只死死抓住我的衣角,盯着我后背露出来的一小截旧疤。
然后,她叫出了一个我已经五年没有听过的名字。
“雪鸮。”
我没有立刻挣开她。
因为她抓得很紧。
不是依赖一个熟人。
更像在抓曾经救过命的东西。
医生隔着门提醒。
“不要刺激她。”
我只能慢慢蹲下。
沈渔把脸埋在膝盖里。
嘴里断断续续又说了几个词。
“红绳。”
“氧气。”
“别睡。”
这些词之间没有完整逻辑。
却全部和五年前那场事故有关。
我抬头看向玻璃外。
陆谨成也在看我。
他的表情很复杂。
不是相信。
更像第一次发现一个他认定五年的故事出现了裂缝。
等沈渔睡着后,他把我堵在走廊。
“雪鸮是什么?”
我说。
“搜救代号。”
“为什么她知道?”
“你该问她。”
他皱眉。
“许南意。”
“别装神弄鬼。”
我看着他。
“你看。”
“你还是这样。”
“答案只要不是你想听的那个,你就先怀疑我。”
他一下沉默。
母亲的药还有十四天。
这是我答应留下的原因。
陆谨成以为我是在向他低头。
其实我只是需要时间把母亲转去别的医院。
沈渔住在十三楼。
门口二十四小时有人守着。
她回国一个月,换了四个护士。
最后一个护士离开时,脸上有三道抓痕。
医生说她不是故意攻击。
是重度创伤后的防御性反应。
可陆谨成不信。
他只相信一件事。
“她以前不是这样。”
“都是你刺激的。”
我听见以后笑了。
五年前,他也只相信自己愿意相信的版本。
病房里,沈渔又缩到墙角。
手里紧紧攥着水果刀。
陆谨成往前一步。
她立刻尖叫。
“别过来!”
他停住。
声音放得很轻。
“小渔。”
“我是谨成。
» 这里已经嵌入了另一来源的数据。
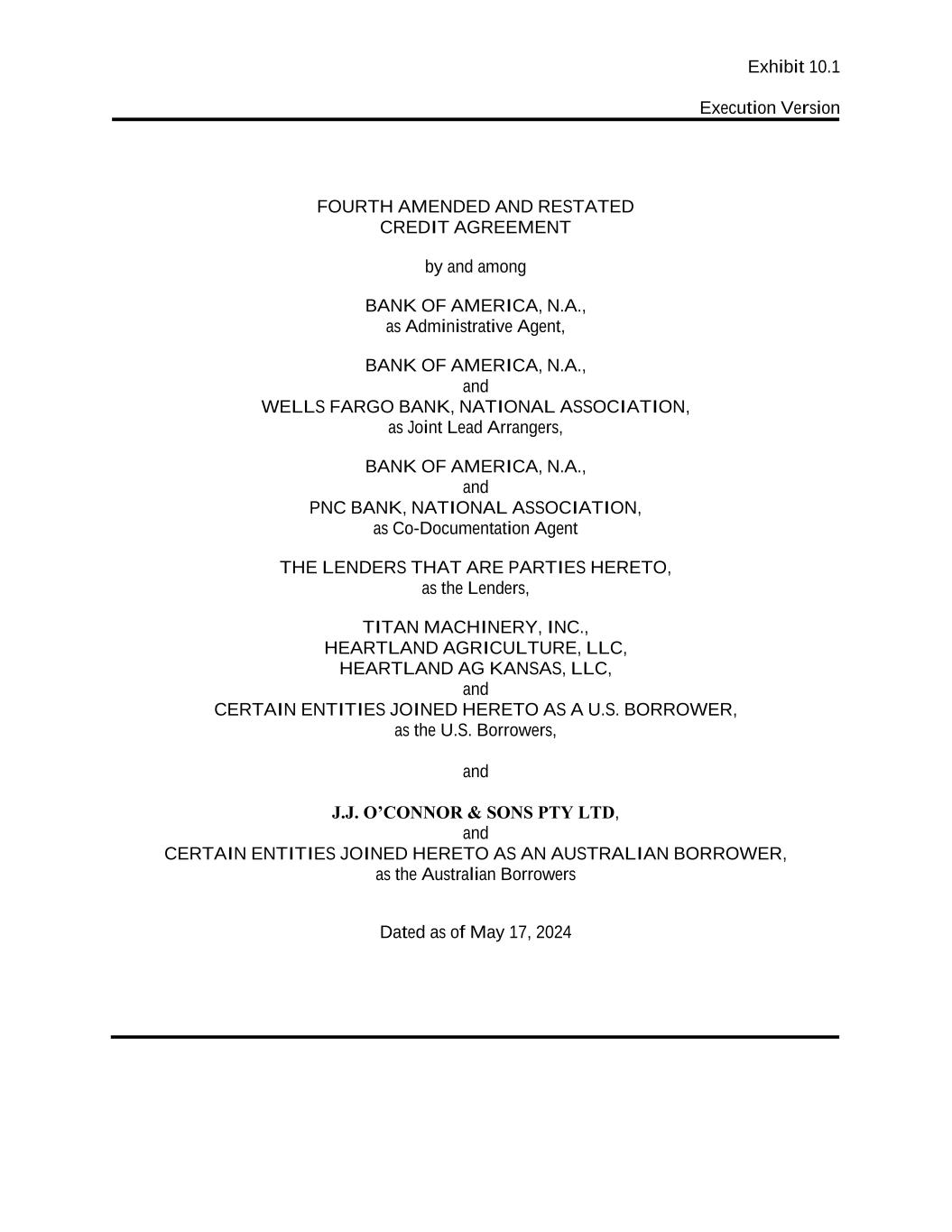 Exhibit 10.1 Execution Version FOURTH AMENDED AND RESTATED CREDIT AGREEMENT by and among BANK OF AMERICA, N.A., as Administrative Agent, BANK OF AMERICA, N.A., and WELLS FARGO BANK, NATIONAL ASSOCIATION, as Joint Lead Arrangers, BANK OF AMERICA, N.A., and PNC BANK, NATIONAL ASSOCIATION, as Co-Documentation Agent THE LENDERS THAT ARE PARTIES HERETO, as the Lenders, TITAN MACHINERY, INC., HEARTLAND AGRICULTURE, LLC, HEARTLAND AG KANSAS, LLC, and CERTAIN ENTITIES JOINED HERETO AS A U.S. BORROWER, as the U.S. Borrowers, and J.J. O’CONNOR & SONS PTY LTD, and CERTAIN ENTITIES JOINED HERETO AS AN AUSTRALIAN BORROWER, as the Australian Borrowers Dated as of May 17, 2024

”
她盯着他看了很久。
忽然干呕起来。
陆谨成脸色难看。
可还是耐着性子哄。
我站在门边没有动。
护士催我进去。
我说。
“先把香薰关了。”
陆谨成皱眉。
“那是她以前最喜欢的味道。”
“现在不是以前。”
香薰停掉以后,沈渔的呼吸果然慢了一点。
我又让所有人退出。
陆谨成不肯。
医生直接说。
“陆先生。”
“病人现在对您刺激反应最强。”
这句话像打了他一巴掌。
他沉着脸离开。
门关上后,我没有靠近沈渔。
只坐在离她三米远的地上。
十分钟。
二十分钟。
她一直盯着我。
我也不说话。
直到起身准备离开。
她突然扑过来抓住我的衣角。
动作太急,扯开了我后领一颗扣子。
旧伤露出一小块。
沈渔整个人僵住。
她的瞳孔一点点放大。
手指也开始发抖。
“雪......”
我脚步顿住。
她盯着那道疤。
眼泪突然掉下来。
“雪鸮。”
我五年没听过这个代号。
当年搜救队只在无线电里叫过一次。
我回头。
沈渔已经蜷成一团。
嘴里反复念。
“不要睡。”
“不要松手。”
门外,陆谨成隔着玻璃听得一清二楚。
他第一次没有立刻骂我撒谎。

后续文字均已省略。